**AIM OF THE TASK:** Print exactly the lines that run from the opening line of the material through the line with "Τη χαρακτηριστική φωτογραφία", and nothing else, leaving out pictures.

**DATA FOR REVIEW:**
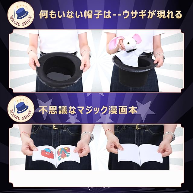 【マジック衣装と帽子付き】 このマジックセットには、マジック衣装と帽子が付属しています。子供たちは、魔法の魅力を身近に感じることができ、まるで自分が魔法使いになったかのような臨場感を味わうことができます。
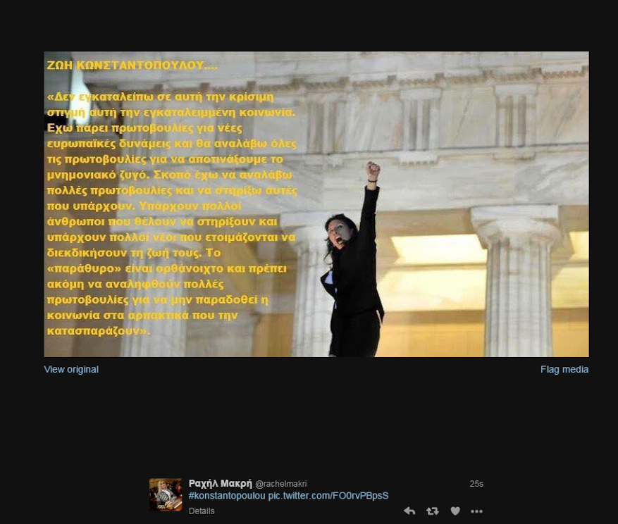Τη χαρακτηριστική φωτογραφία της Ζωής Κωνσταντοπούλου, στην οποία υψώνει τη γροθιά της έξω από τη Βουλή, ανέβασε η Ραχήλ Μακρή στον προσωπικό της λογαριασμό στο twitter.
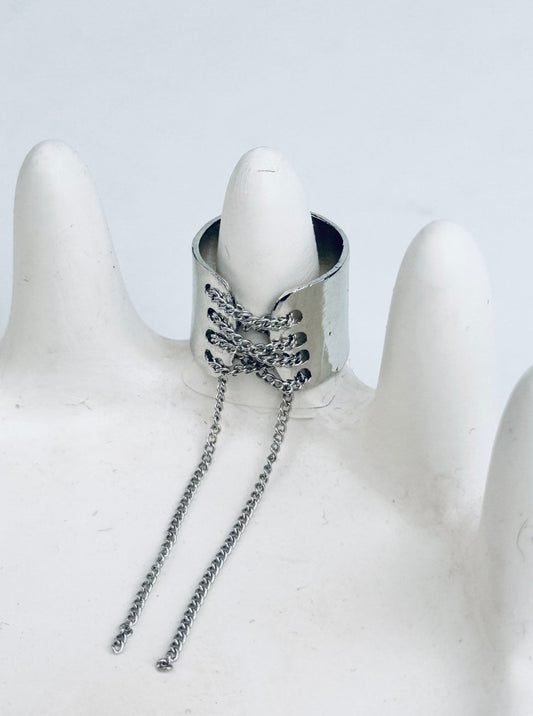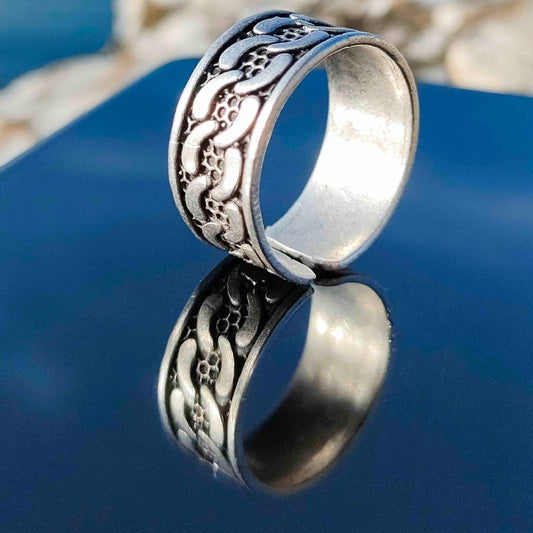 محبس مزخرف شكل سلسلة فضي , قابل للتكبير والتصغير
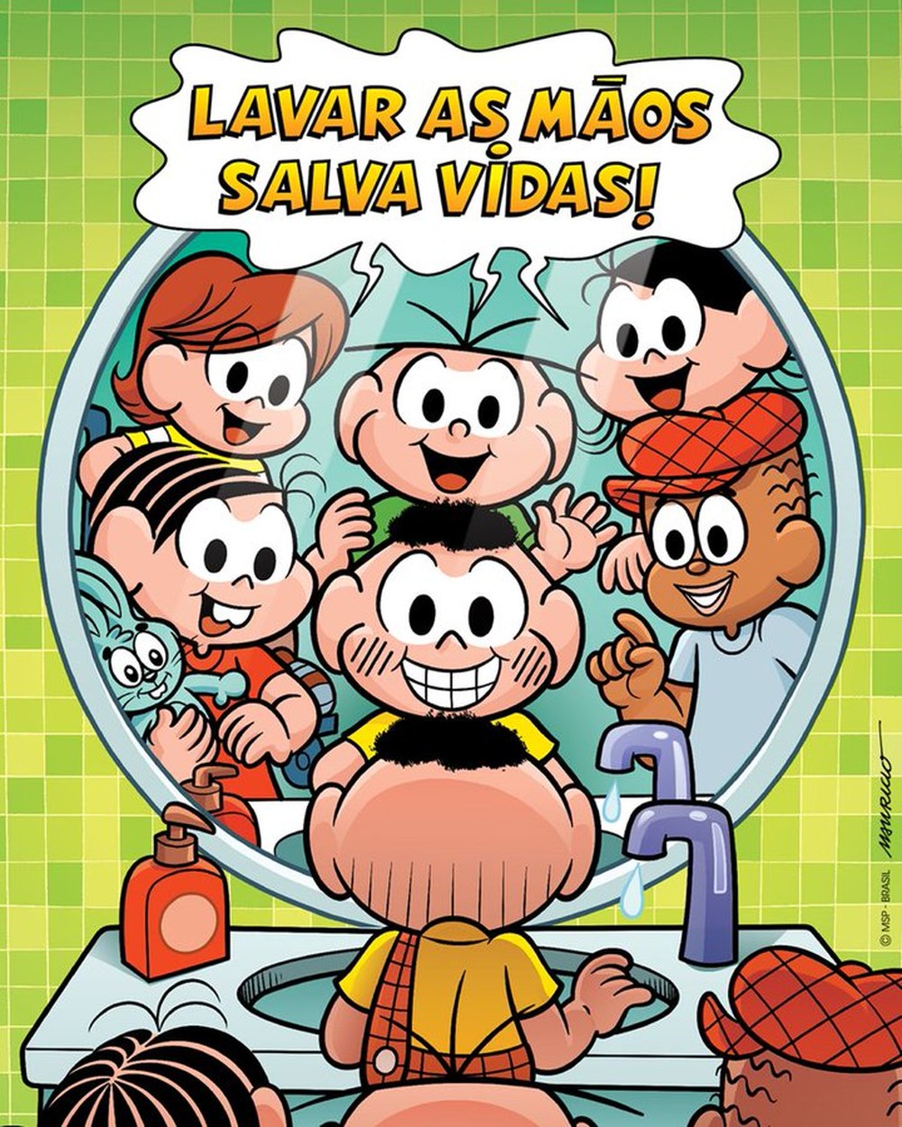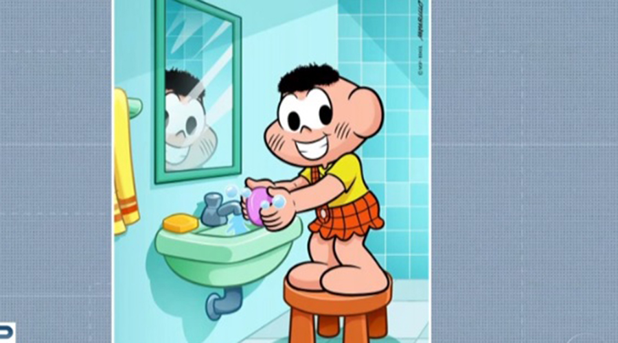 Em uma imagem publicada na página oficial da história em quadrinhos, Mônica, Cebolinha, Magali e outros personagens da famosa turminha colocam Cascão diante de uma torneira e alertam: “Lavar as mãos salva vidas”. Veja vídeo.
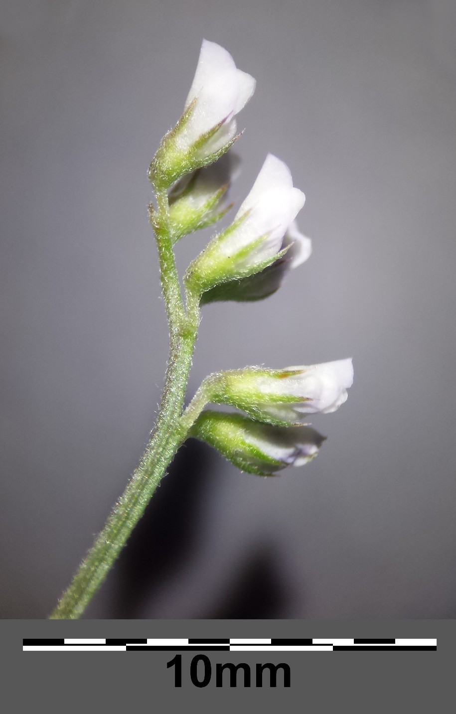 1 Blüten meist weiß, 3 - 4 mm groß, Früchte behaart
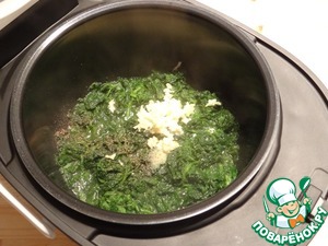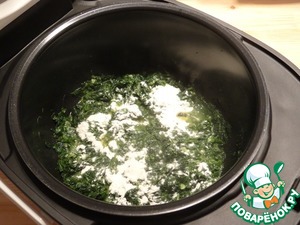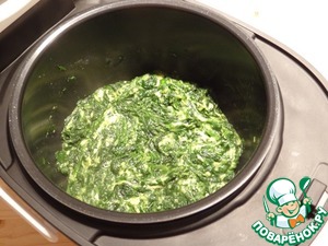 Эти лепешки я с легкостью приготовила в замечательной мультиварке Vitek VT-4205 ВК. Мультиварку включаю на программу "Поджаривание". В чашу мультиварки наливаю растительное масло, добавляю замороженный шпинат. Даю выпариться большей части жидкости.
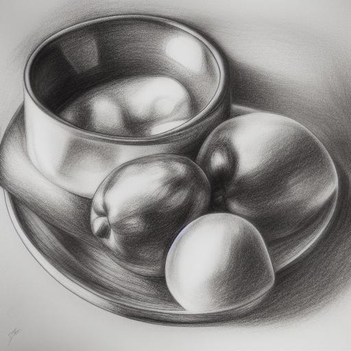 A drawing of a bowl of fruits
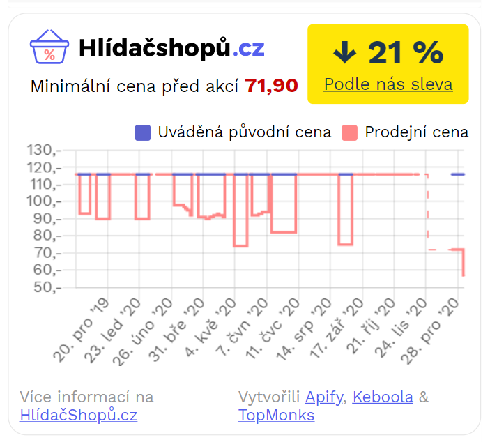 - „Hlídač Shopů“ ti zobrazí pôvodnú cenu produktu a jej vývoj v čase, takže vďaka nemu ľahko spoznáš, či nakupuješ so zľavou alebo nie
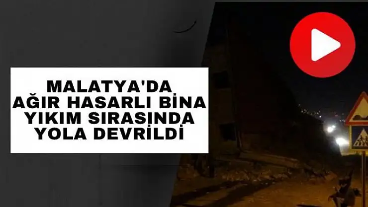 Malatya’da ağır hasarlı bir bina, yıkım işlemleri sırasında yola devrildi.
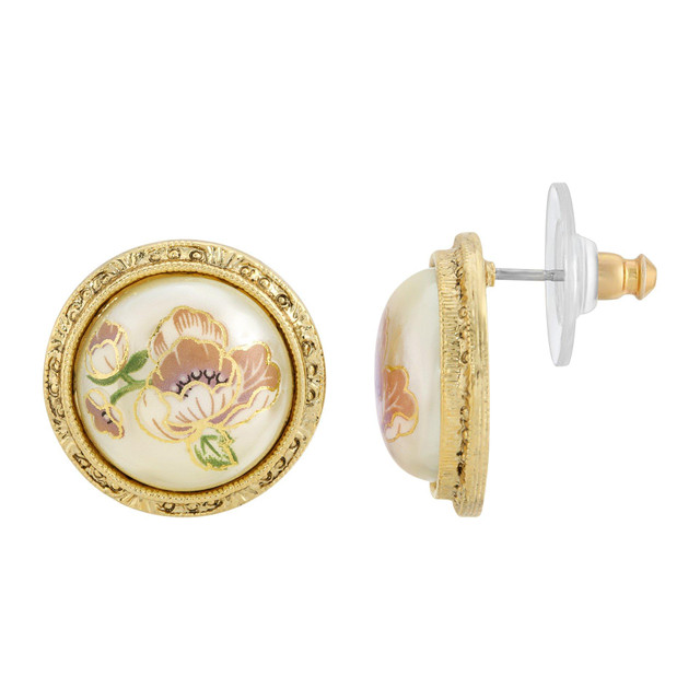 Elevate your elegance with our round goldtone earrings, featuring a floral decal on creamy ivory faux pearl. These earrings exude timeless classic vintage charm, making them a sophisticated addition to any outfit. Perfect for any occasion, they add a touch of refined style to your jewelry collection. Length .75 in., width 20mm.
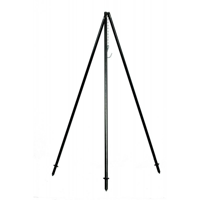 Сталева тринога похідна вогнищевий для казанка висотою 120 див. Компактна та зручна при транспортуванні, вона послужить вам гарною підмогою в приготуванні їжі на багатті в казані. Дуже міцна, легко збирається і встановлюється. Вся конструкція поміщається в невеликий чохол.
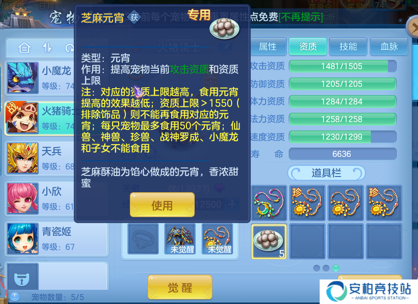 每只宠物最多食用50个,建议单项资质≤1450时优先补充

**COMPLETED TASK:**
 【マジック衣装と帽子付き】 このマジックセットには、マジック衣装と帽子が付属しています。子供たちは、魔法の魅力を身近に感じることができ、まるで自分が魔法使いになったかのような臨場感を味わうことができます。
Τη χαρακτηριστική φωτογραφία της Ζωής Κωνσταντοπούλου, στην οποία υψώνει τη γροθιά της έξω από τη Βουλή, ανέβασε η Ραχήλ Μακρή στον προσωπικό της λογαριασμό στο twitter.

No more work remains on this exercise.